WASHINGTON: L'armée américaine a annoncé mercredi avoir tiré sur un pétrolier battant pavillon iranien ayant tenté de forcer le blocus des ports iraniens imposé par Washington pour en "neutraliser le gouvernail".

"Les forces américaines opérant dans le Golfe ont fait respecter les mesures de blocus en neutralisant un pétrolier battant pavillon iranien sans cargaison qui tentait de naviguer vers un port iranien mercredi, à 9H00 heure de Washington", écrit le commandement américain pour le Moyen-Orient (Centcom) sur X.

"Après que l'équipage du Hasna n'a pas obtempéré aux avertissements répétés, les forces américaines ont neutralisé le gouvernail du pétrolier en tirant plusieurs salves" depuis un avion lancé depuis le porte-avions Abraham Lincoln, déployé dans la région, a-t-il ajouté, précisant que "le Hasna ne fait plus route vers l'Iran".

Il s'agit de la deuxième fois que les Etats-Unis interviennent pour neutraliser un navire iranien ne se pliant pas au blocus qu'ils ont mis en place le 13 avril, après qu'un premier round de négociations avec Téhéran n'a pas abouti.

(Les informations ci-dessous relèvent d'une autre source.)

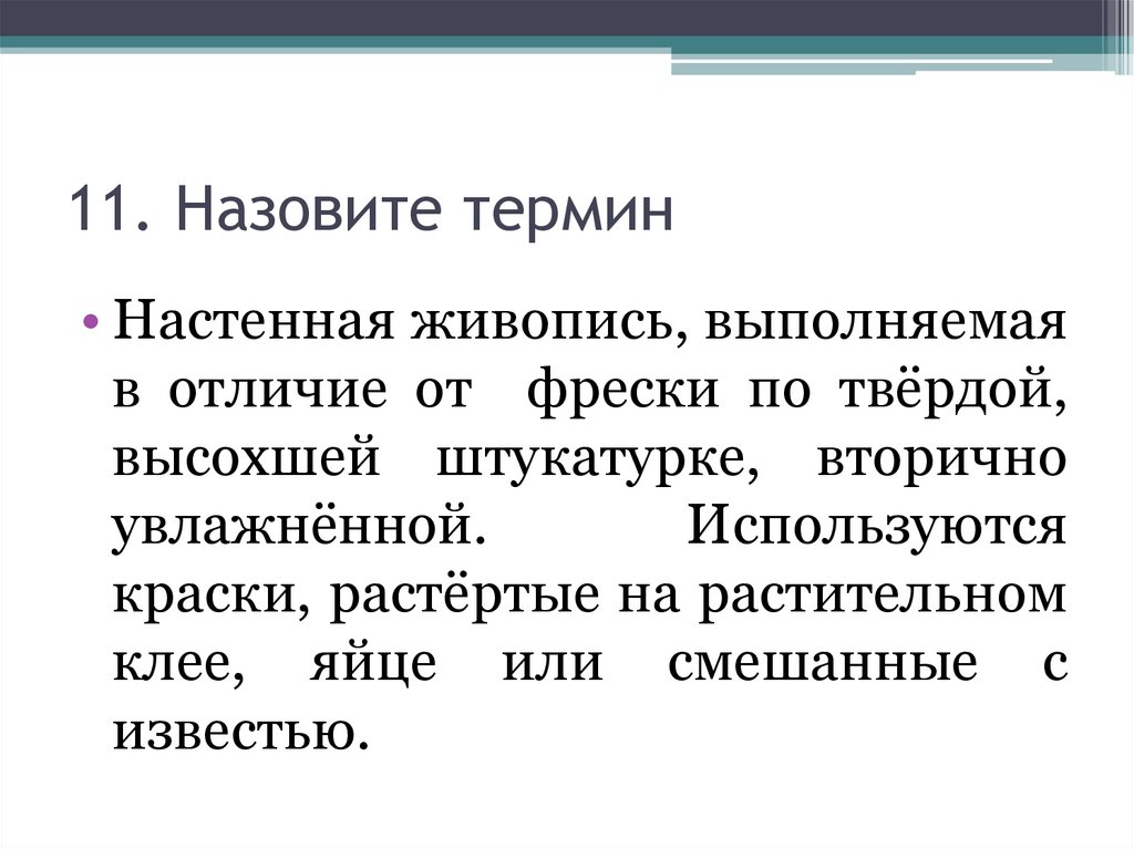 11. Назовите термин• Настенная живопись, выполняемая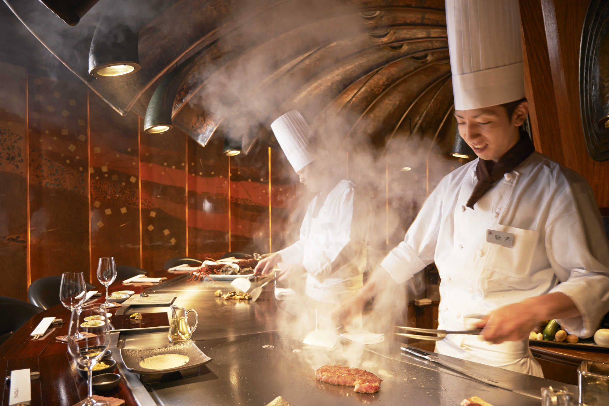 ドラマティックな空間で楽しむ神戸牛とシーフードの鉄板焼

Le 19 avril, les forces américaines, depuis un destroyer cette fois, avaient ciblé la salle des machines du Touska après avoir ordonné à l'équipage de l'évacuer, neutralisant ainsi le bateau.

Si le blocus des ports iraniens se poursuit, Donald Trump a annoncé mardi la suspension de l'opération américaine "Projet Liberté", lancée juste 48 heures plus tôt pour permettre à des centaines de navires coincés dans le Golfe de franchir le détroit d'Ormuz, "compte tenu des grands progrès accomplis en vue d'un accord complet et définitif avec les dirigeants iraniens".

Mais le président américain a augmenté la pression sur l'Iran mercredi en menaçant de bombarder le pays avec une "intensité bien plus forte qu'avant" si ses dirigeants ne concluaient pas d'accord avec Washington.